‘Who would do this to her?’: Questions remain after Fairfield woman found dead in apartment

Investigators were working to determine Thursday how and when a woman died after her body was discovered early Wednesday morning, and a preliminary coroner’s report indicates it’s a homicde.

The victim, Katherine Lobono, 23, was “pretty independent” in whatever she did, said a neighbor at the Villages of Wildwood.

Lobono’s body was found at her apartment at 28 Chapel Hill Drive by two friends at 4:18 a.m. Wednesday, next to blood on the floor and a bullet casing, according to a 911 call released by Fairfield police. Police are investigating the death as a homicide, but could not say when she died. The Butler County Coroner’s Office conducted an autopsy Thursday afternoon. The preliminary report indicates her death is a homicide, but the cause of death is “pending.”

The neighbor said Lobono “was definitely strong” and showed that strength in “the way she carried herself, the way she talked, the way she took care of everything.”

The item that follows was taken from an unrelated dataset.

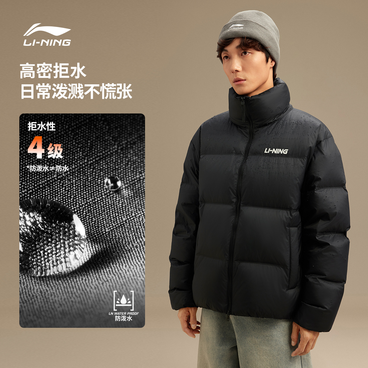 衣服官方防风连帽运动外套男保暖上衣 鸭绒短款 李宁羽绒服男士 冬季

Her dog-sitting friends were getting off work and were asked to check on Lobono’s dog while she was gone. They noticed her car was in the parking lot so they were going to return the key, according to the 911 call. They entered the apartment after they saw the lights on, heard her dog barking and “flashes of the TV” through the window, according to the 911 call.

Both friends spoke on the call to police. The first of the two said he saw her on the floor next to the couch.

The dispatcher asked if she was breathing.

“No she’s not, man,” said the first friend, crying. “There’s blood on the floor. I don’t know what the hell happened … who would do this to her?”

The friends checked for a pulse at the request of the dispatcher, and the caller said she felt “cold.”

The second friend was handed the phone, and the dispatcher asked if there were any weapons around, and he said, “There’s a single bullet casing on the floor next to her head.” There were no weapons around her, he said.

The two friends were questioned by detectives, and investigators have interviewed about 20 people in total, said Fairfield police spokesman Officer Doug Day.

When Lobono’s neighbor was told about her friend’s death, she said, “I cried.”

She recalled how they “would sit out back for hours” and talked as they watched their dogs play.

“She absolutely loved my dog, my German Shepherd,” the neighbor said.

This is the third death this week at the Villages of Wildwood. Monday night, a man crashed his pickup truck into the lake at the corner of Chapel Hill Drive and Brittany Lane, about 90 minutes after an apartment complex employee called 911 to report he was driving recklessly on the grass and around the lake. Morance Harrison Sr., 35, and his daughter, Nena Harrison, 6, drowned in the pond. Harrison Sr.’s son, Morance Harrison Jr., 4, survived the crash.

Day said there is no indication Monday’s accident night is connected to Lobono’s death.